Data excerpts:
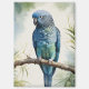 This delicate watercolor painting features a charming blue parakeet perched on a eucalyptus tree branch, surrounded by soft green leaves. The gentle brushstrokes and soothing colour palette create a peaceful and nature-inspired scene, perfect for bird and botanical art lovers.
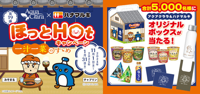 水を通じて“生活”“環境”“健康”の創造を目指すアクアクララ株式会社(本社:東京都港区、代表取締役社長:赤津裕次郎)は、全国のアクアクララ会員を対象にクローズドキャンペーンとして、ハナマルキ株式会社(本社:長野県伊那市西箕輪2701 代表取締役社長:花岡周一郎 )の人気商品とのコラボレーションキャンペーンを「一汁一菜のすゝめ」のテーマにて実施いたします。
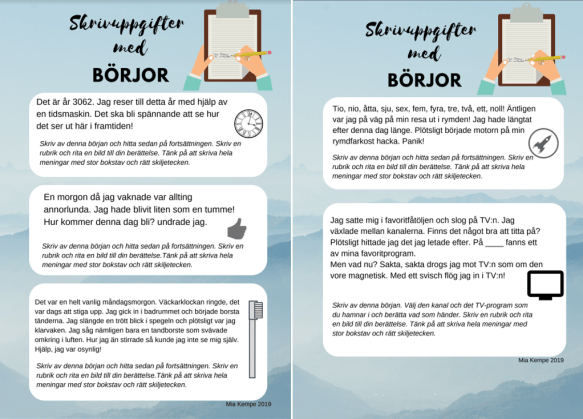 Sen får alla fundera på verb och substantiv som hör ihop med de olika årstiderna och till sist får alla skriva en kort berättelse om en årstid med hjälp av orden. En rolig uppgift är också att rita egna bilder till varje årstid eller årstidshjul och skriva korta bildtexter eller årstidssagor.
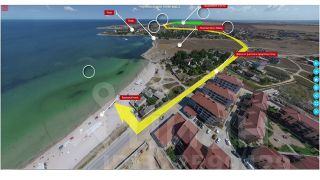 В общем проекте 36 гектаров реализуется 103 сотки. К земельному участку ведет дорога расположенная вдоль линии моря. Расстояние до бухты Ветреная 650 метров, расстояние до центрального пляжа 2500 метров.
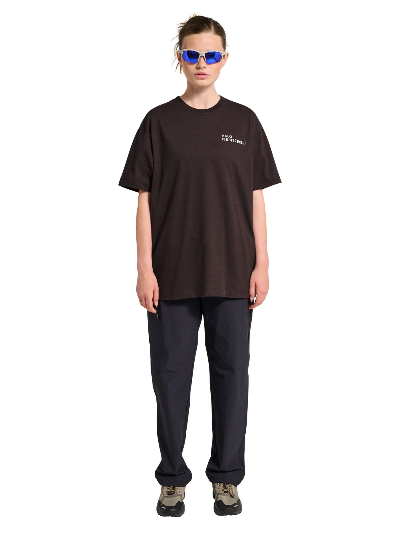 Donkerbruin T-shirt van HALO, gemaakt van 100% biologische katoen. Het T-shirt heeft korte mouwen en een losse pasvorm met F.U.T.-tekst op de achterkant.
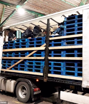 Os migrantes foram então carregados num camião que mais tarde foi parado por agentes quando se aproximava do porto de ferry em Dover.
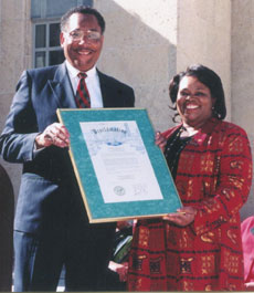 (Tammie Lang Campbell (L-R) Center Front Row Seated) Mayor Lee P. Brown Proclaims January 16, 2003
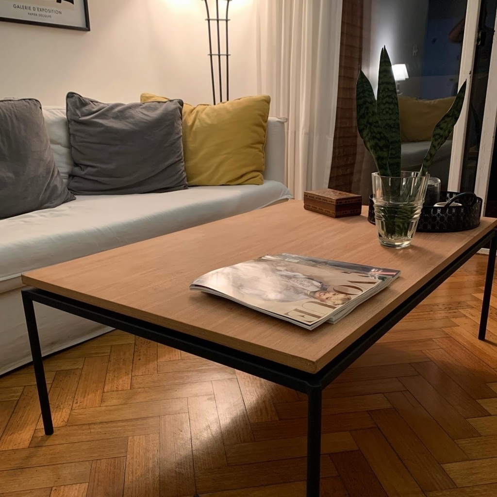 Mesa ratona con estructura de hierro y tapa de madera enchapada. Su detalle distintivo es la separación entre la tapa y la estructura, que la hace delicada y minimalista.
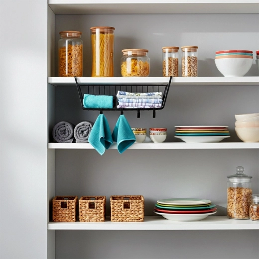 Organisér hjemmet smart og uden at bore. Den hængende kurv skubbes nemt ind under en hylde eller på et skabsreling, så du straks får ekstra opbevaringsplads til overskuelig opbevaring af køkkenudstyr, badeværelsestilbehør eller tekstiler. Pakken indeholder 4 praktiske kroge til ophæng af viskestykker, grydelapper eller små accessories.
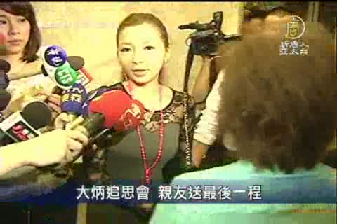 【新唐人亞太台2012年7月30日訊】藝人大炳20號在北京病逝,他的追思會今天上午在台北舉行,除了大炳的親人,不少藝人朋友都出席,包括生前恩師王偉忠、前經紀人沈玉琳,以及演藝圈好友大小S、阿雅、黑人、等人都出席,前行政院長謝長廷也到場。在追思會上大小S、阿雅在台上致詞時,回憶起與大炳在學校相處的往事,三人忍住悲傷,甚至還搞笑演出大炳生前的特技「吞拳頭」。
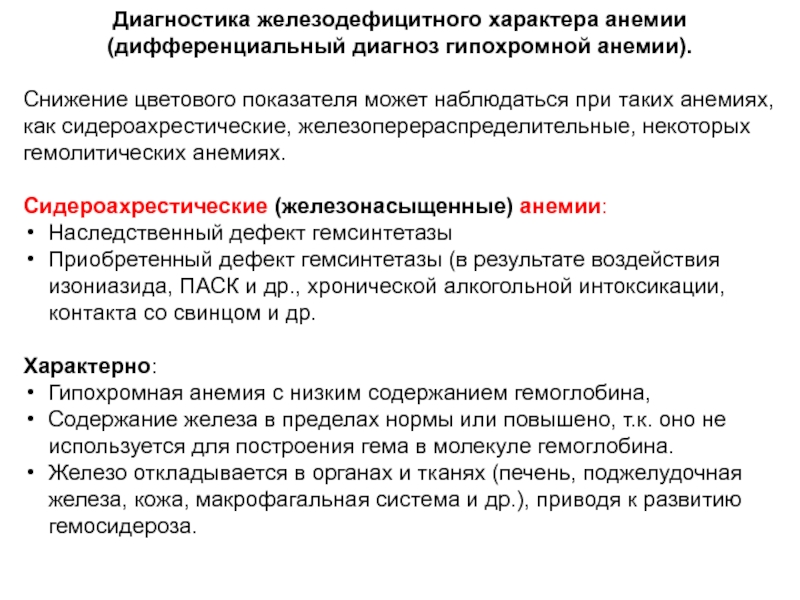 процессов, и проявляющийся признаками гипохромной микроцитарной анемии и сидеропении.

▶ **TASK DESCRIPTION**
Copy every line of the records exactly as it is written, but not the pictures.

▶ **RESULT**
 This delicate watercolor painting features a charming blue parakeet perched on a eucalyptus tree branch, surrounded by soft green leaves. The gentle brushstrokes and soothing colour palette create a peaceful and nature-inspired scene, perfect for bird and botanical art lovers.
 水を通じて“生活”“環境”“健康”の創造を目指すアクアクララ株式会社(本社:東京都港区、代表取締役社長:赤津裕次郎)は、全国のアクアクララ会員を対象にクローズドキャンペーンとして、ハナマルキ株式会社(本社:長野県伊那市西箕輪2701 代表取締役社長:花岡周一郎 )の人気商品とのコラボレーションキャンペーンを「一汁一菜のすゝめ」のテーマにて実施いたします。
 Sen får alla fundera på verb och substantiv som hör ihop med de olika årstiderna och till sist får alla skriva en kort berättelse om en årstid med hjälp av orden. En rolig uppgift är också att rita egna bilder till varje årstid eller årstidshjul och skriva korta bildtexter eller årstidssagor.
 В общем проекте 36 гектаров реализуется 103 сотки. К земельному участку ведет дорога расположенная вдоль линии моря. Расстояние до бухты Ветреная 650 метров, расстояние до центрального пляжа 2500 метров.
 Donkerbruin T-shirt van HALO, gemaakt van 100% biologische katoen. Het T-shirt heeft korte mouwen en een losse pasvorm met F.U.T.-tekst op de achterkant.
 Os migrantes foram então carregados num camião que mais tarde foi parado por agentes quando se aproximava do porto de ferry em Dover.
 (Tammie Lang Campbell (L-R) Center Front Row Seated) Mayor Lee P. Brown Proclaims January 16, 2003
 Mesa ratona con estructura de hierro y tapa de madera enchapada. Su detalle distintivo es la separación entre la tapa y la estructura, que la hace delicada y minimalista.
 Organisér hjemmet smart og uden at bore. Den hængende kurv skubbes nemt ind under en hylde eller på et skabsreling, så du straks får ekstra opbevaringsplads til overskuelig opbevaring af køkkenudstyr, badeværelsestilbehør eller tekstiler. Pakken indeholder 4 praktiske kroge til ophæng af viskestykker, grydelapper eller små accessories.
 【新唐人亞太台2012年7月30日訊】藝人大炳20號在北京病逝,他的追思會今天上午在台北舉行,除了大炳的親人,不少藝人朋友都出席,包括生前恩師王偉忠、前經紀人沈玉琳,以及演藝圈好友大小S、阿雅、黑人、等人都出席,前行政院長謝長廷也到場。在追思會上大小S、阿雅在台上致詞時,回憶起與大炳在學校相處的往事,三人忍住悲傷,甚至還搞笑演出大炳生前的特技「吞拳頭」。
 процессов, и проявляющийся признаками гипохромной микроцитарной анемии и сидеропении.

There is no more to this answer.